The Best Artist in Popular Music Over the Last 40 Years

She sounds great at a biker bar or a children’s party.

Chrissie 998x648.jpg?ixlib=rails 2.1

I’m just not up for politics this week, and anyway Trump’s court pick is slated to be simultaneous with the appearance of this column, so I guess that’ll have to be next time, if at all. From what I can tell, my head may well still be on vacation, and I’d rather smile vaguely this morning than think clearly, if that was ever a possibility.

So what I’ll do instead is tell you who I think is the best artist in popular music over the past forty years, or in the period of my adulthood, and why. Now you may be asking the ‘me’ in your head why you should give a damn what he thinks and where he gets off pontificating like that anyway. I will point out that (a) there is indeed a me in your head (deal with it), and (b) the me in your head, as in my own, is an expert, so you are rationally obliged to believe him, i.e. me, rather than yourself.

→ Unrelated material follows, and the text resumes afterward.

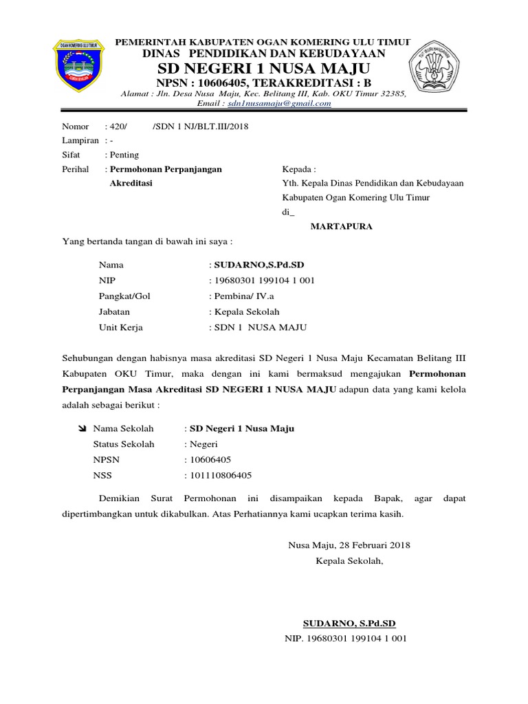 Sedangkan untuk surat ban sm no. 030ban smlli2017 tentang perpanjangan akreditasi dapat diunduh di sini demikianlah contoh surat permohonan perpanjangan akreditasi bagi sekolah dan madrasah yang masa berlaku akreditasinya telah habis. Berikut contoh format terbaru surat permohonan akreditasi ban pnf untuk p aud lkp pkbm dll. Sebagaimana diketahui permohonan pengajuan akreditasi paud dan pnf saat ini dilakukan secara online melalui aplikasi sispena ban puad pnf yakni sispena 20. Contoh surat permohonan pengajuan akreditasi sekolah. Yang dapat di akses melalu laman banpaudpnfkemdikbudgoidsispena.

Be that as it may, it’s Chrissie Hynde. But before I kvell, let me tell you a story. I was living in London in 1984, writing for the music weekly Melody Maker. Following the overdose deaths of guitarist James Honeyman Scott and bassist Pete Farndon, the Pretenders had just released their third album, Learning to Crawl. MM’s editor, Allan Jones (who’s just published a great memoir of this period) had reviewed the album extremely negatively in the previous week’s issue, but he assigned me to cover the first show with the new band, at the Hammersmith Odeon, and talk to Chrissie briefly afterward. Then I was supposed to write a sizable review/feature.

As we yapped about it at the MM office, Jones ragged Hynde mercilessly. He said that Chrissie had just hired a new bunch of pretty boys to replace the dead ones, and actually the record was played by studio musicians. He said that the songs were bullshit, that she was just going through the motions, that she just wanted to pretend to be a big rock star and nothing else mattered. He said she’d sold out completely and that the first single, “Middle of the Road,” was a clear statement of her identity at that point.

Now, I was an extreme fanboy for the Pretenders, who I’d seen in DC on their first couple of American tours. I had a crush on Chrissie, whose voice and persona stretched from hyper-aggressive to ravishingly beautiful, a devastating combination that filled me with lust. Not only that, but I thought Learning to Crawlwas a great record (I still think so). I went to the gig, which like several Pretenders shows I saw over the years was one of the best concerts I’d ever attended; even if those new boys were sort of pretty, they were definitely playing the songs. After the encores I waved my pass around and ended up outside a dressing room. I knocked. A fairly-disheveled Chrissie answered. I took a step toward her and said “Melody Maker.” She slammed the door on my face. It literally bounced off my forehead. As I say, the disorientation persists to precisely this day.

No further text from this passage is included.